DATA BELOW:
——
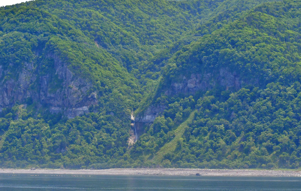 ![]() 知床川の滝をズームアップ。 右岸側の壁には柱状節理が発達しているが,風化が進んでいそうだ。 水量が多いためか,古い溶岩のためか,滝の後退が大きい。 |
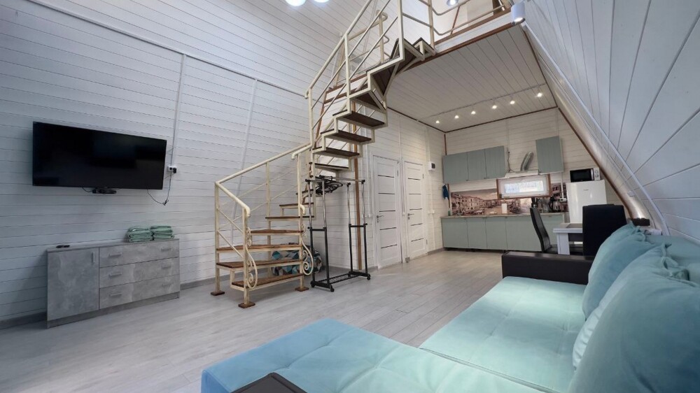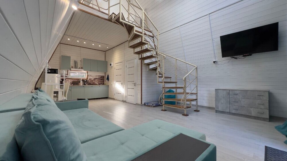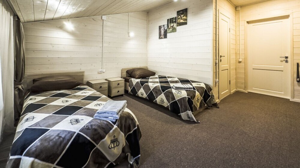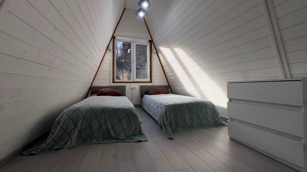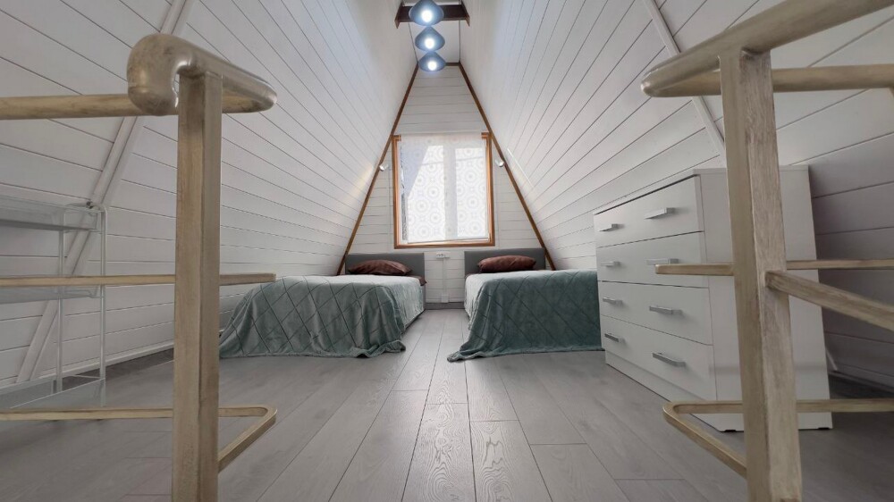В доме: 1 двуспальный диван, (дополнительная кровать) на втором ярусе 1 двуспальная кровать.
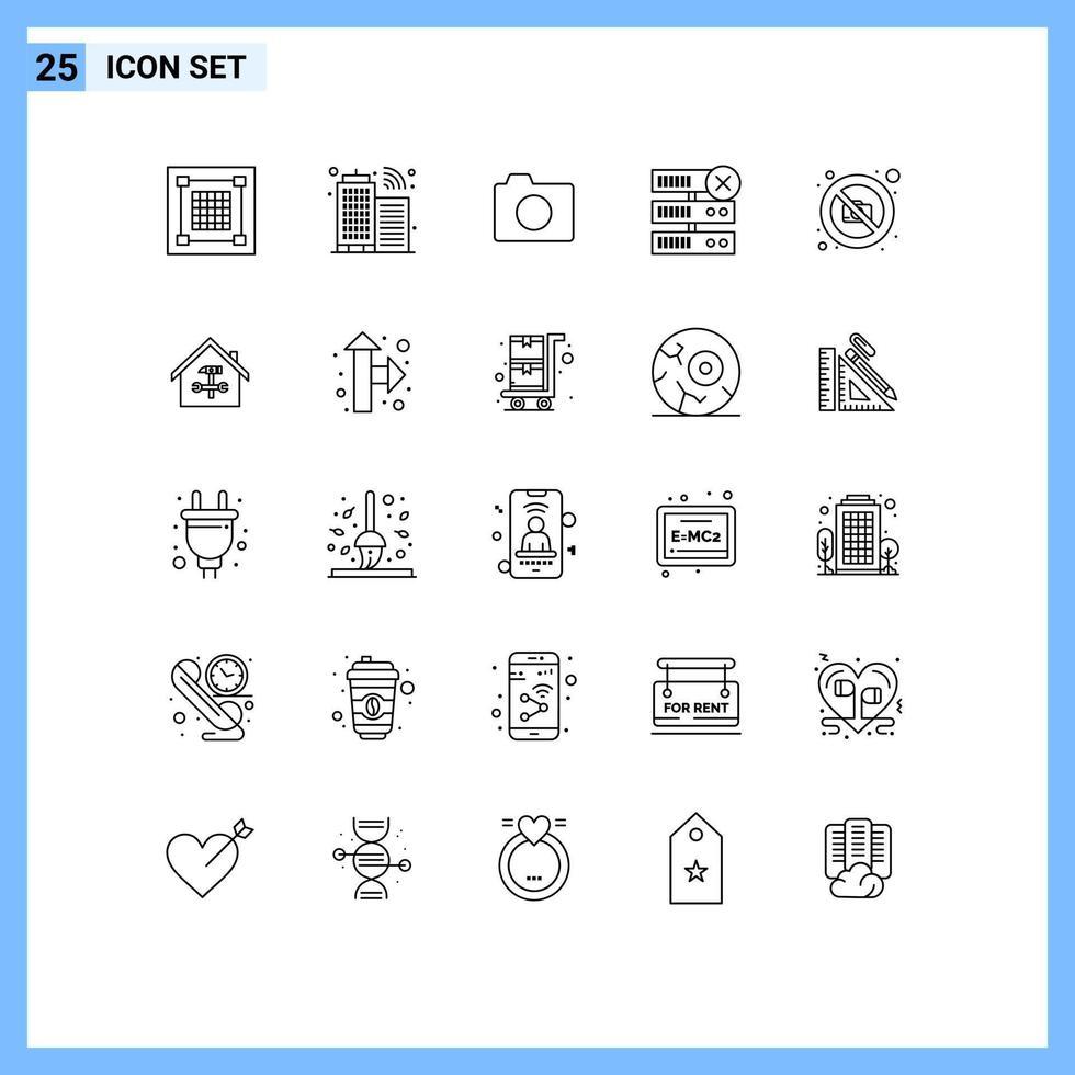 Set of 25 Modern UI Icons Symbols Signs for no camera camera server database Editable Vector Design Elements
——
Type out the data above once more, exactly, with no images included.

EXERCISE RESULT:
 ![]() 知床川の滝をズームアップ。 右岸側の壁には柱状節理が発達しているが,風化が進んでいそうだ。 水量が多いためか,古い溶岩のためか,滝の後退が大きい。 |
В доме: 1 двуспальный диван, (дополнительная кровать) на втором ярусе 1 двуспальная кровать.
 Set of 25 Modern UI Icons Symbols Signs for no camera camera server database Editable Vector Design Elements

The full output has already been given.